━━━━━ GIVEN INFORMATION

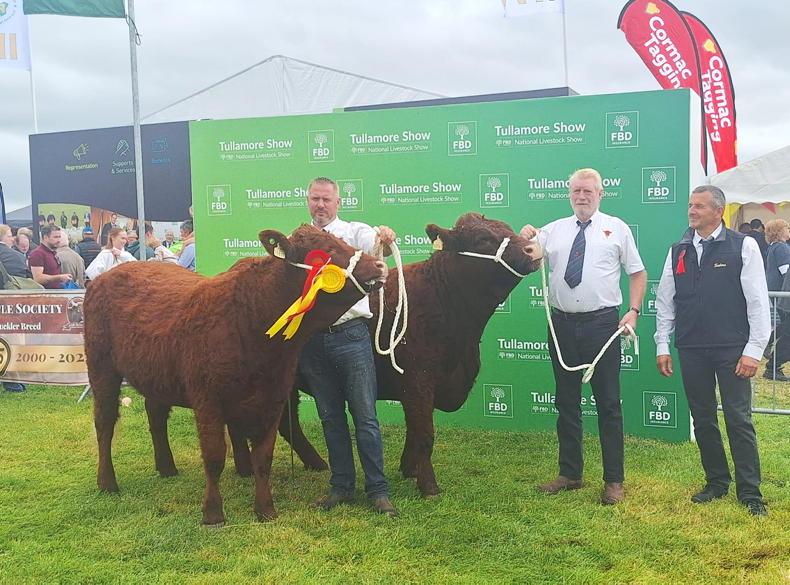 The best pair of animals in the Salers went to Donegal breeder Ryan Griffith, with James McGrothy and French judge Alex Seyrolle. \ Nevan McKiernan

━━━━━━━━━━
━━━━━ GIVEN INFORMATION

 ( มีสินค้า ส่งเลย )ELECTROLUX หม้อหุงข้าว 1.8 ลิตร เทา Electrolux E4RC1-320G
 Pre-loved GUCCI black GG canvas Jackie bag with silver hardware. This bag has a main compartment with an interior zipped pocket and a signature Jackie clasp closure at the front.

━━━━━━━━━━

◆ EXERCISE BRIEF: The lines above starting at the one that contains "( มีสินค้า ส่งเลย" and ending at the one that contains "Pre-loved GUCCI black" must be transcribed exactly, and no other lines may appear.

◆ SOLVED EXERCISE:
 ( มีสินค้า ส่งเลย )ELECTROLUX หม้อหุงข้าว 1.8 ลิตร เทา Electrolux E4RC1-320G
 Pre-loved GUCCI black GG canvas Jackie bag with silver hardware. This bag has a main compartment with an interior zipped pocket and a signature Jackie clasp closure at the front.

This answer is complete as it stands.